A/N

Hello dear readers!

I'm just going to be upfront here with you guys and say this is my first true fan fiction EVER and I am completely, utterly, freaking TERRIFIED because regulations and categories and what if I get the rating wrong? And what if everyone hates it? And…and…yeeeaaaahhh, so…

CHAPTER 1 AWAITS!

Who will indeed lead the call for America?

Carry the flag shore to shore for America?

Who's here to prove that we can?

The Star-Spangled Man with a Plan!

SMACK!

"Jarvis? Has Dad been messing with my alarm again? Because I was set to wake up to Black Sabbath, and that was not Black Sabbath."

"Good morning Ms. Stark. I am not at liberty to divulge such information." Did that AI just use sarcasm?

"Of course, Jarvis." I sigh, then grumble "If anybody could make a sassy AI, it would be my dad, wouldn't it?"

"You bet it would." I glance up from my seat on my bed to see my father, the one and only Tony Stark, leaning against my doorframe.

"Nice song choice. Why that one? I swear Steve are purely platonic. If I had a crush on anyone on this team, it wouldn't be Steve, it would be…" I snap my jaw shut before I let my not-yet-awake brain spill that particular secret.

"It would be…who? If not Stars-and-Stripes, then whom, dear daughter, owns your heart? It wouldn't be, say, a certain hawk?"

Cue snort, eye roll, and slug to the shoulder,

"For the last time, dad, I don't have a crush on anyone on the team. I'm only fifteen, you should really be happy about that."

"But you just said-"

I cut him off with a firm "No. Blame it on lack of coffee. Now get out, I'm getting dressed, be down in a second."

Once he leaves, I throw on a pair of black fuzzy sweats and an Iron Man t-shirt (what?
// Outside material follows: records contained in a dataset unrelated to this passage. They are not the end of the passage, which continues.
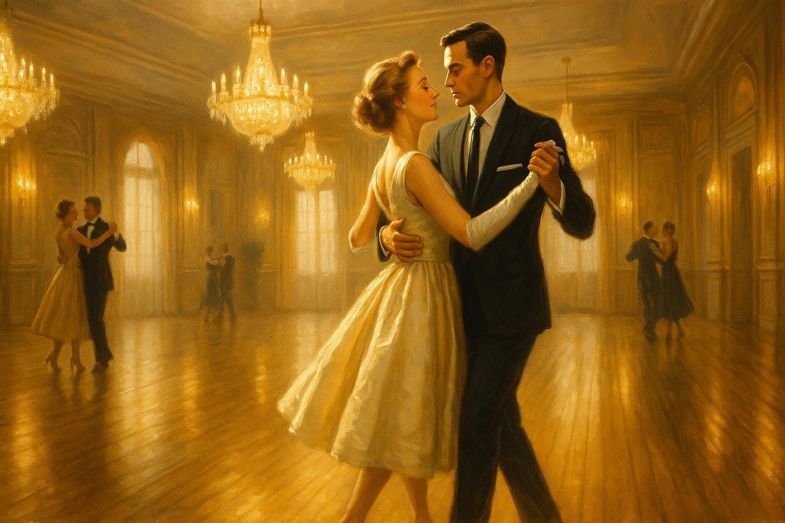 “1960s couple waltzing beneath chandeliers in a luminous, elegant ballroom.”
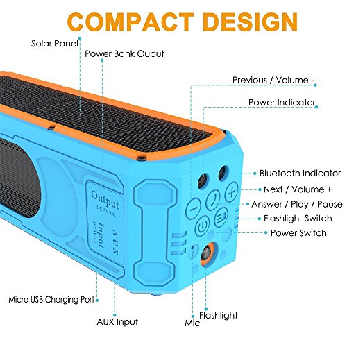 Geniessen Sie Ihre Musik in 10w vollem Stereo-Korper, realisiert durch doppelte hohe Leistungstreiber und einem besonderen verstarkten Bass. Ipx5 spritzwasserfestes, stossfestes und tragbares Design, perfekt fur Partys, Bergsteigen, Wanderungen, Camping, Reisen und mehr.
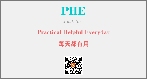英文缩略词“PHE”经常作为“Practical Helpful Everyday”的英文缩写来使用,中文表示:“每天都有用”。本文将详细介绍英文缩写词PHE所代表英文单词,其对应的中文拼音、详细解释以及在英语中的流行度。此外,还有关于缩略词PHE的分类、应用领域及相关应用示例等。

You call it shameless advertising, I call it family pride) and make my way to the communal living/eating/lounging area, where I am greeted by the rest of my team and the smell of pancakes. My dad slides a plate in front of me while I grab a glass of orange juice

"So who cooked breakfast? I need to know whether or not it's edible."
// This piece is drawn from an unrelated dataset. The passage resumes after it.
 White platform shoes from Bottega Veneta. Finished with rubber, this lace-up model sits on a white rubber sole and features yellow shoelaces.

My dad manages to look mildly offended.

"Ha, ha, Taylor. My cooking is not that bad."

"Yes it is. Your last attempt at omelets had Natasha running for the bathroom, and she's Russian. They have stomachs of freaking steel."

This gets vague nods of agreement from the entire team, except for said red-haired assassin.

"We agreed never to speak of that. Just be quiet and eat your breakfast, both of you. Fury is coming by later, new evil aliens or robots or something might be on the horizon, apparently. He didn't give many details."

This bring groans from the rest of the table myself included.

"What does Eye patch want now? I mean, seriously, how many evil psychotic alien people are there out there? Do they have nothing better to do then try and take over the world?"

"Too many, and it looks like no. But Loki was only the start. He's sort of like a Pied Piper now, because extraterrestrial psychopaths seem to be coming out of the woodwork." Clint replies.

"There is no rest for heroes, I suppose." I hop off my seat a set my dishes in the sink. "Although that seems highly overrated. Anyways, I'm off to the lab, my suit needs a few touch-ups if there is going to be a new invasion. You know where to find me."